How to use (3 steps)
- Paste data (Group, Sample, Ct_target, Ct_ref) or load a CSV. For multiple references, use Ct_ref1, Ct_ref2, ...
- Select a calibrator group (or sample) and summary method (mean/median). Enable Pfaffl correction if needed.
- Click Calculate to show ΔCt/ΔΔCt, log2FC, and fold in tables and plots. Share URLs keep the same settings.
Recommended order
- First, check efficiency with a standard curve → qPCR standard curve
- Next, calculate ΔCt / ΔΔCt (this calculator)
- If needed, assess variability or significance → Confidence interval & hypothesis tests
Go deeper
- Descriptive stats
Check distributions and outliers
- Linear regression & correlation
Understand standard curves
Data input and options
Results (summary)
Results will appear here.
Per-row results
| Row | Group | Sample | Ct_target | Ct_ref | ΔCt | ΔΔCt | log2FC | fold | Outlier |
|---|
Outliers are not removed automatically; they are shown as candidates (IQR-based).
Group summary
| Group | n | log2FC mean | log2FC SD | log2FC SEM | fold geometric mean | fold arithmetic mean |
|---|
Plots (log2FC / fold)
Calculation steps (How it’s calculated)
How to use this calculator effectively
This guide helps you use ΔCt / ΔΔCt calculator (relative expression) in a repeatable way: define a baseline, change one variable at a time, and interpret outputs with explicit assumptions before you share or act on results.
How it works
The page applies deterministic logic to your inputs and shows rounded output for readability. Treat it as a comparison workflow: run one baseline case, adjust a single parameter, and measure both absolute and percentage deltas. If a result seems off, verify units, time basis, and sign conventions before drawing conclusions. This approach keeps your analysis reproducible across teammates and sessions.
When to use
Use this page when you need a fast estimate, a classroom check, or a practical what-if comparison. It works best for planning and prioritization steps where you need direction and magnitude quickly before investing in deeper modeling, manual spreadsheets, or formal external review.
Common mistakes to avoid
- Changing multiple parameters at once, which hides the true cause of output movement.
- Mixing units (percent vs decimal, monthly vs yearly, gross vs net) across scenarios.
- Comparing with another tool without aligning defaults, constants, and rounding rules.
- Using rounded display values as exact downstream inputs without re-checking precision.
Interpretation and worked example
Run a baseline scenario and keep that result visible. Next, modify one assumption to reflect your realistic alternative and compare direction plus size of change. If the direction matches your domain expectation and the size is plausible, your setup is usually coherent. If not, check hidden defaults, boundary conditions, and interpretation notes before deciding which scenario to adopt.
See also
FAQ
What is the difference between ΔCt and ΔΔCt?
ΔCt is the within-sample difference between target and reference. ΔΔCt is the difference relative to a calibrator.

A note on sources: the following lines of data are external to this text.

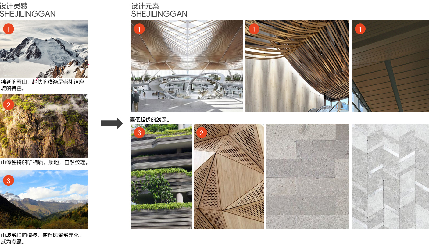 雪山中的悦动—“ 中国的高铁站一个比一个大,像城市中一个个高大的宫殿,人在其中却感到非常渺小,周边通常是大马路、高架桥、和没有人去的大广场。我想,城市中的高车站有没有可能不追求宏大的纪念性,而具有优美的环境,舒适宜人的尺度,和便捷、人性的交通与城市功能?成为让人们不只是奔波,而是愿意停留、放松的城市公共空间?”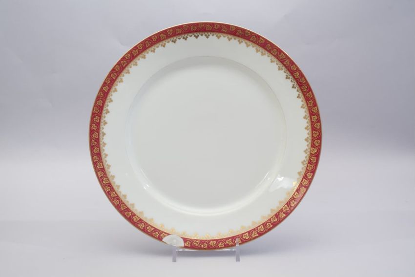 Porcelain dinner plate with gilt vine decoration on a raspberry border.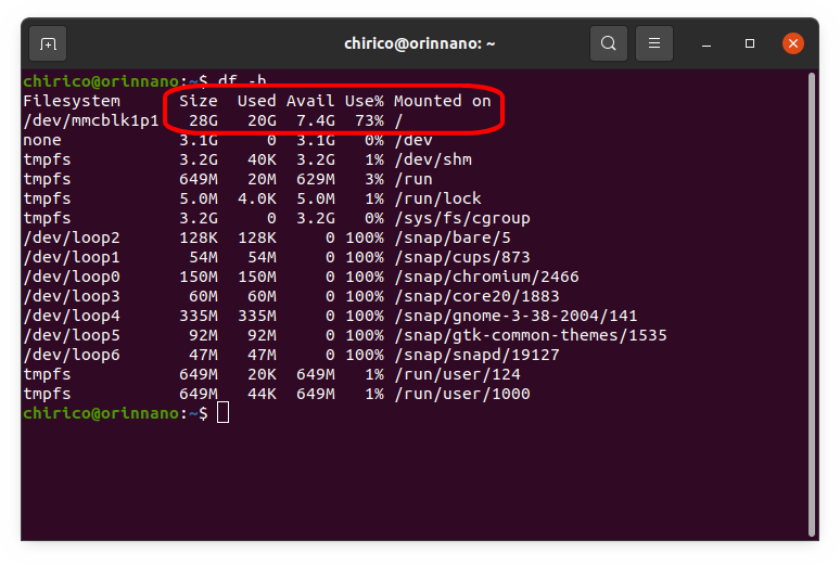 ディスクの空き容量を確認するには、以下のコマンドを実行します。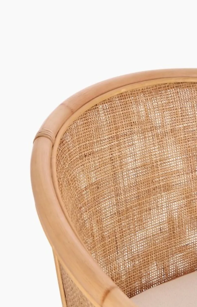 STRUTTURA IN RATTAN, INTRECCIO IN RATTAN. FINITURA A BASE DI NITROCELLULOSA. CUSCINO SFODERABILE CON TESSUTO PER USO INTERNO (30% COTONE, 30% LINO, 40% POLIESTERE)SI RACCOMANDA DI NON ESPORRE L’ARTICOLO ALLA LUCE DIRETTA DEL SOLE E ALLE INTEMPERIE. IMBALLO SENZA CARTONE.

What is the assumption for 2^-ΔΔCt?
It generally assumes the target and reference amplification efficiencies are equal or similar. Use Pfaffl correction if they differ.
Should I use fold or log2FC?
log2FC is symmetric and easier for statistics and plots. Fold is more intuitive.

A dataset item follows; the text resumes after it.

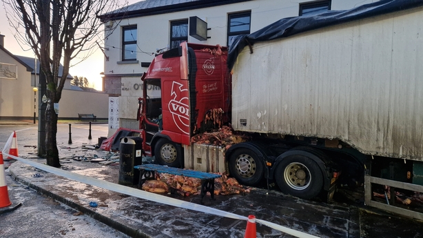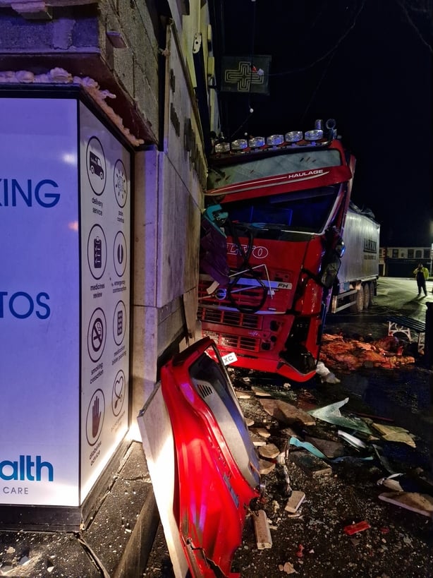 A garda spokesperson said: "A truck collided with a traffic island and then collided with a parked vehicle and caused extensive damage to a building on Market Square."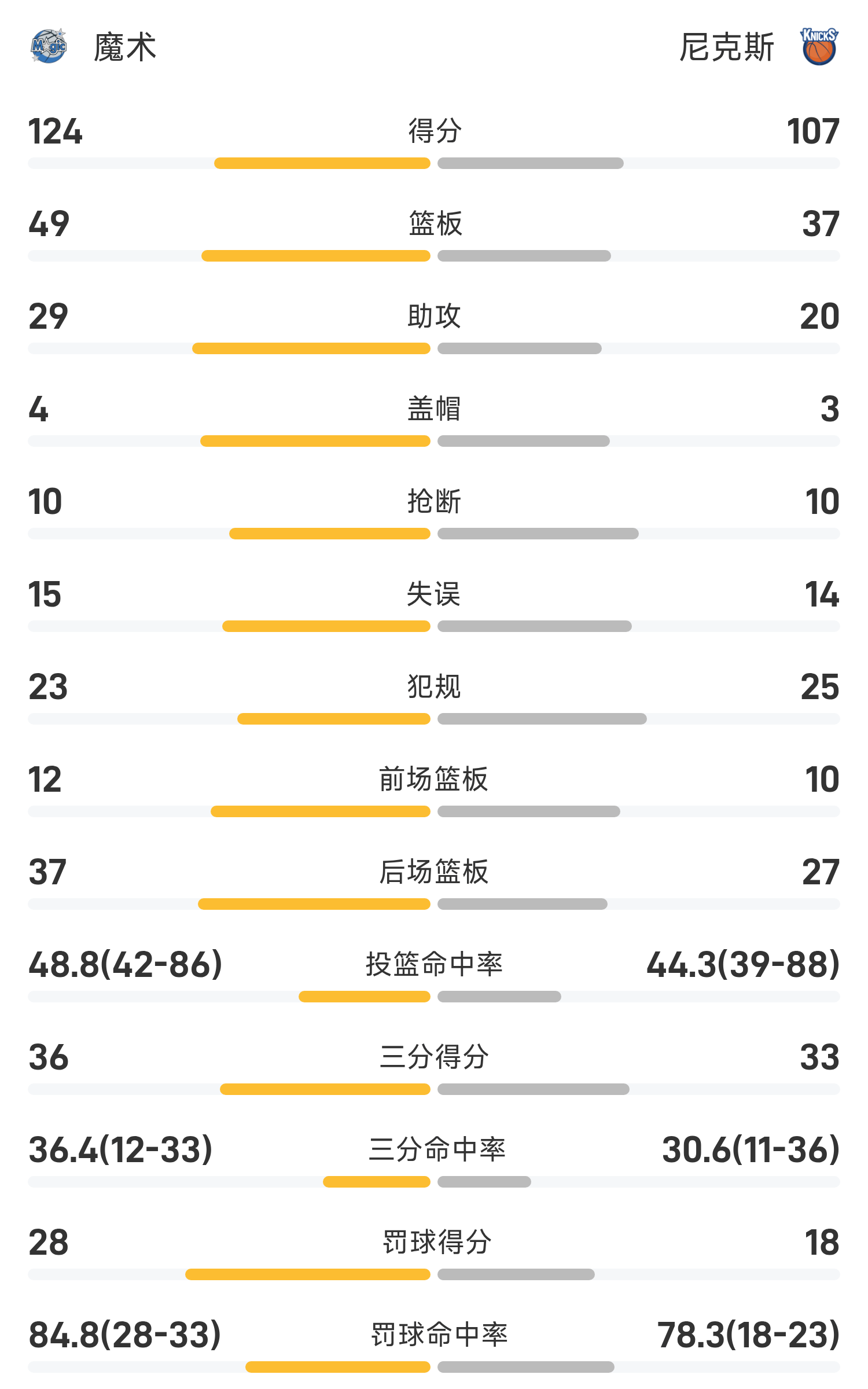 NBA战报:瓦格纳28分9板,魔术124-107轻取尼克斯

How are multiple reference genes handled?
When Ct_ref1, Ct_ref2, etc. are provided, reference Ct values are aggregated before calculating ΔCt.
When should I use Pfaffl efficiency correction?

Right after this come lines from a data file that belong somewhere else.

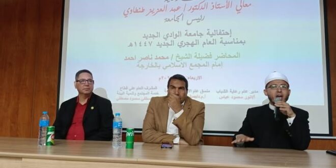 نظمت الإدارة العامة لرعاية الطلاب بالتعاون مع قطاع خدمة المجتمع وتنمية البيئة بالجامعة ندوة بقاعة المؤتمرات بكلية الطب بالجامعة بمناسبة الاحتفال بذكرى الهجرة النبوية وبداية العام الهجري الجديد 1447 تحت عنوان ” الهجرة دروس وعبر”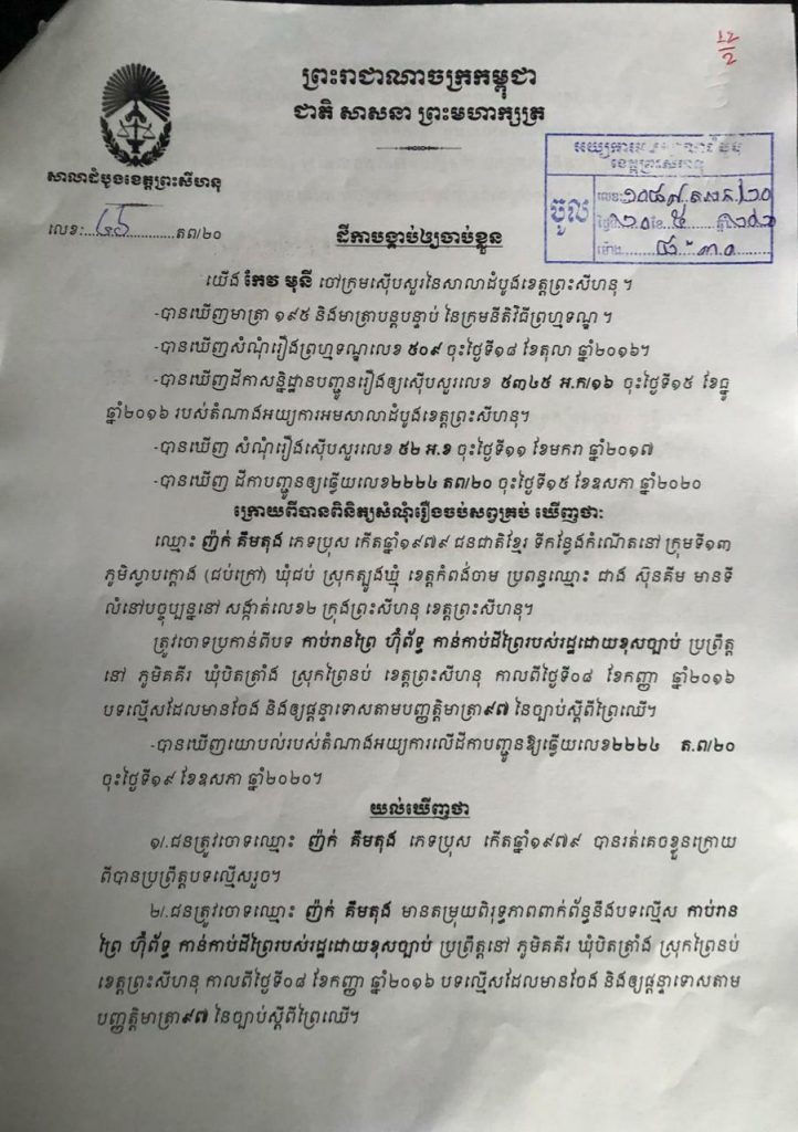 ពេលនេះតុលាការខេត្តព្រះសីហនុ ចេញដីកាបង្កាប់ឲ្យចាប់ខ្លួនលោក ញ៉ក់ គឹមតុង សង្ស័យជាមេខ្លោង ពាក់ព័ន្ធនិងការបង្ករភាពអនាធិបតេយ្យ លើដីតំបន់ហាមឃាត់ពយម៉ាចូវ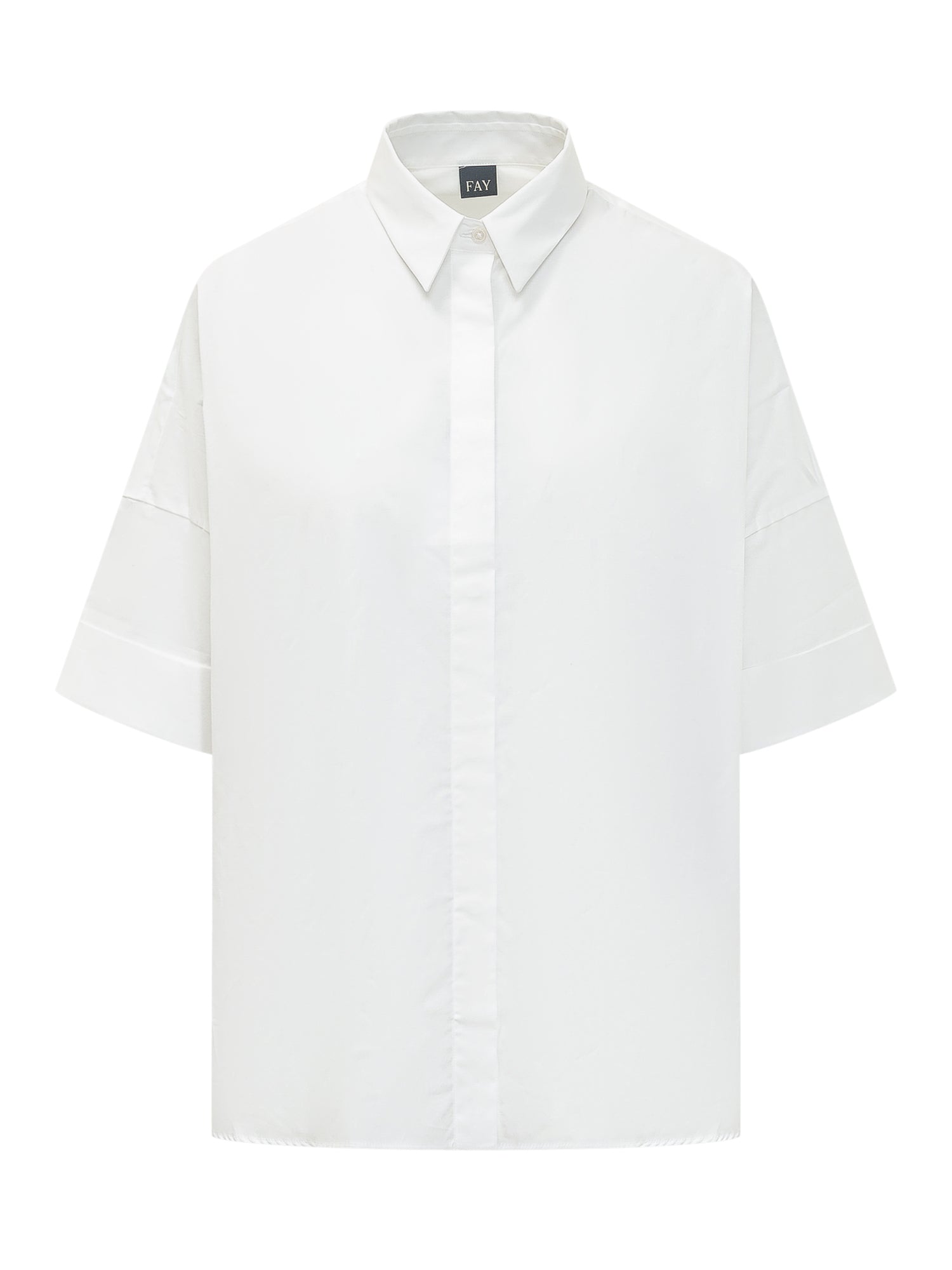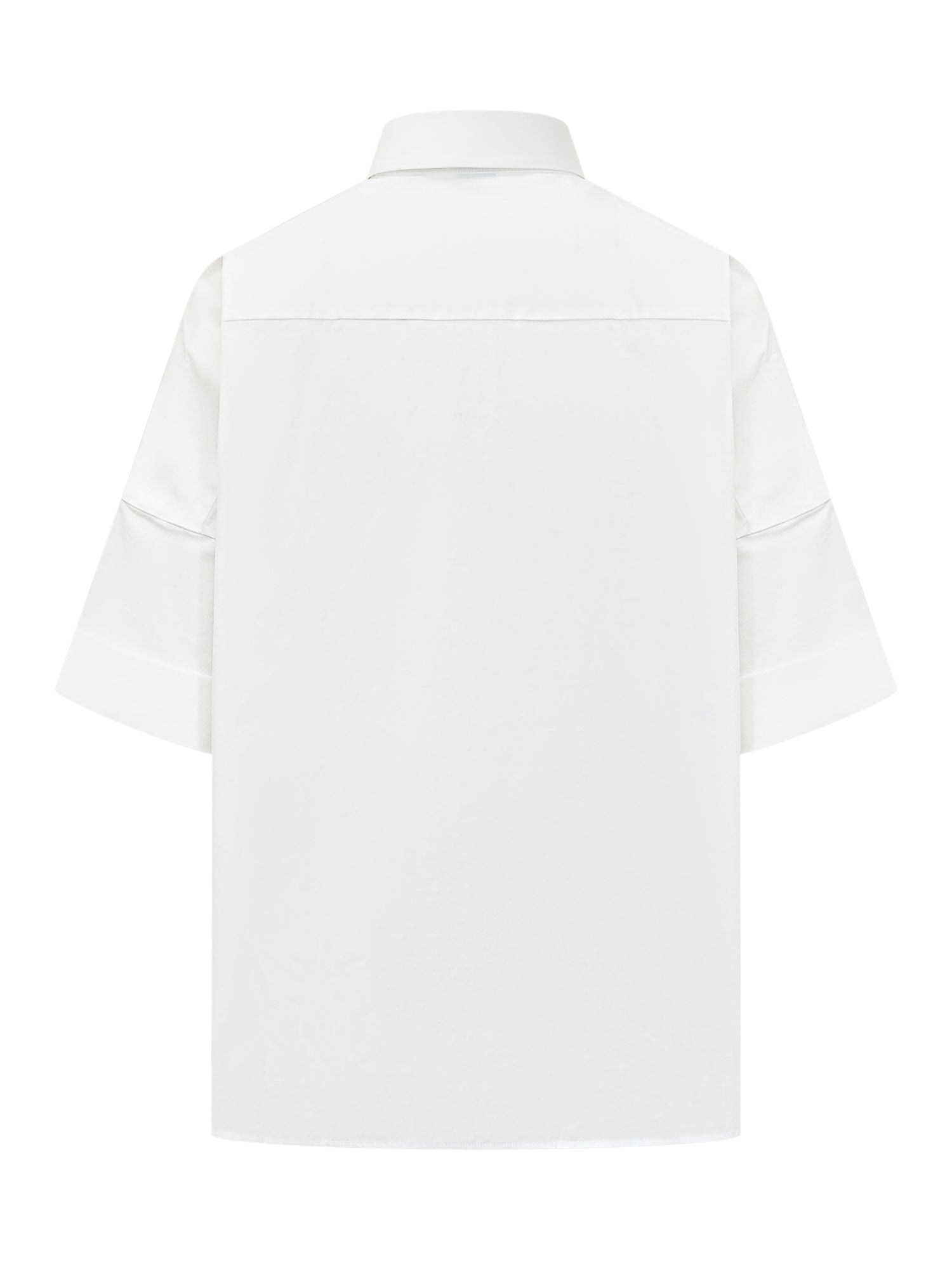 Minimal shirt with three-quarter sleeves. Boxy silhouette and clean design featuring classic collar and concealed front button closure.

Consider Pfaffl correction when target and reference efficiencies differ substantially.
Does the share URL include data?
Only settings are saved; data are not included.
How to use ΔCt / ΔΔCt calculator (relative expression) effectively
What this calculator does
This page is for estimating outcomes by changing inputs in one controlled workflow. The model keeps your focus on variables, not output shape. Start with stable assumptions, then test sensitivity by changing one key input at a time to observe directional impact.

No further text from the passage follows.